Hi! I posted version 1 in this thread and MJTTOMB replied to me in private (wasn't meant to hijack that thread, btw ). I couldn't reply back in private since noobs on the forum apparently can't post in private. Hence I had to create this new thread, but of course it would be nice to get some critique from others too, so I guess it's a good thing that this becomes a public thread.

Here it is, anyway:

Waltz in c sharp minor version 2

MJTTOMB had asked me to expand on version 1 so that the theme would get more fully developed. I still have some fondness for the quirks of version 1 though, so I don't know...


----------



## samsibar (May 12, 2010)

Nice and simple. Easy to get into. Well done. But the bass accompaniment doesn't appeal to me very much.

You notice I'm just a ordinary listener interested in composition. Won't comment theoretically on the composition itself.


----------



## skrjablin (May 8, 2010)

samsibar said:


> Nice and simple. Easy to get into. Well done.


Thanks.



> But the bass accompaniment doesn't appeal to me very much.

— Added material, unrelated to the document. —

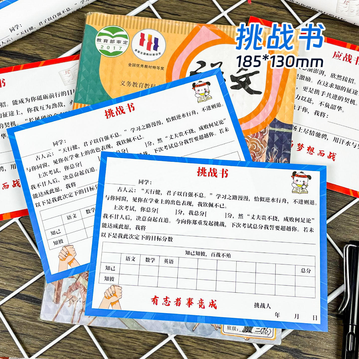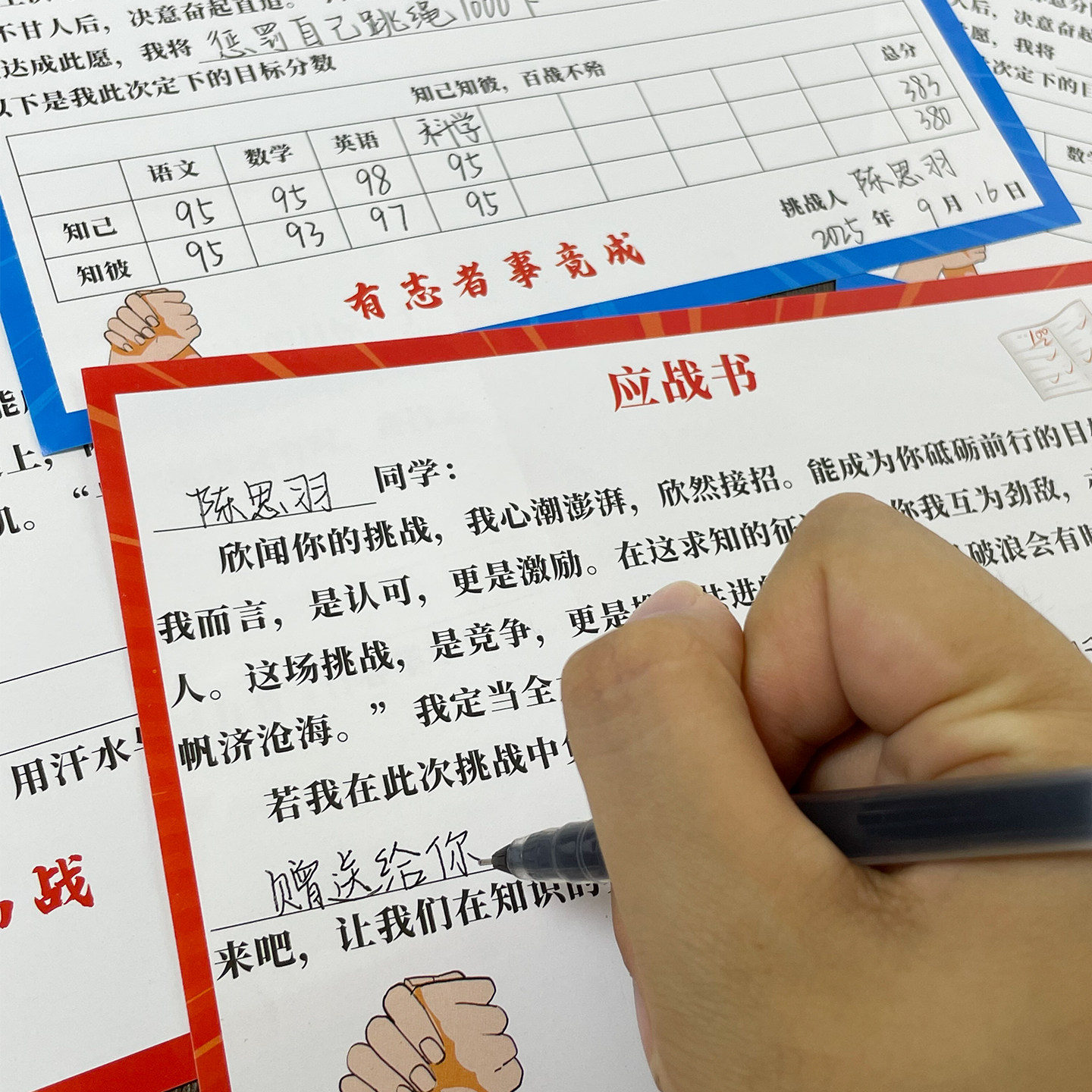 班级同桌学生考试成绩目标PK挑战书应战书卡片激励小学初高中生同学自律学习共同进步创意趣味奖励惩罚计划表

Actually, I was just fiddling with some improved voicings in the bass, avoiding coverted fifths (what's it called in english) and parallell movements between bass and melody. It's not a big change, but it's always something:

Version 3 of the waltz


----------



## MJTTOMB (Dec 16, 2007)

I'd avoid using the B-sharp as the first note in your bass part, it seems to make the chord a bit unstable. Overall I think it's certainly improving, and I'd be interested to see how you can expand farther on the form with another section. What form do you see this being? Ternary? Rounded binary, perhaps?


----------



## skrjablin (May 8, 2010)

Here is version 4, with a middle section alla barbaro.


----------



## samsibar (May 12, 2010)

The new section doesn't sound well ihmo. Some parts are way to simplistic. My ear tells me no!


----------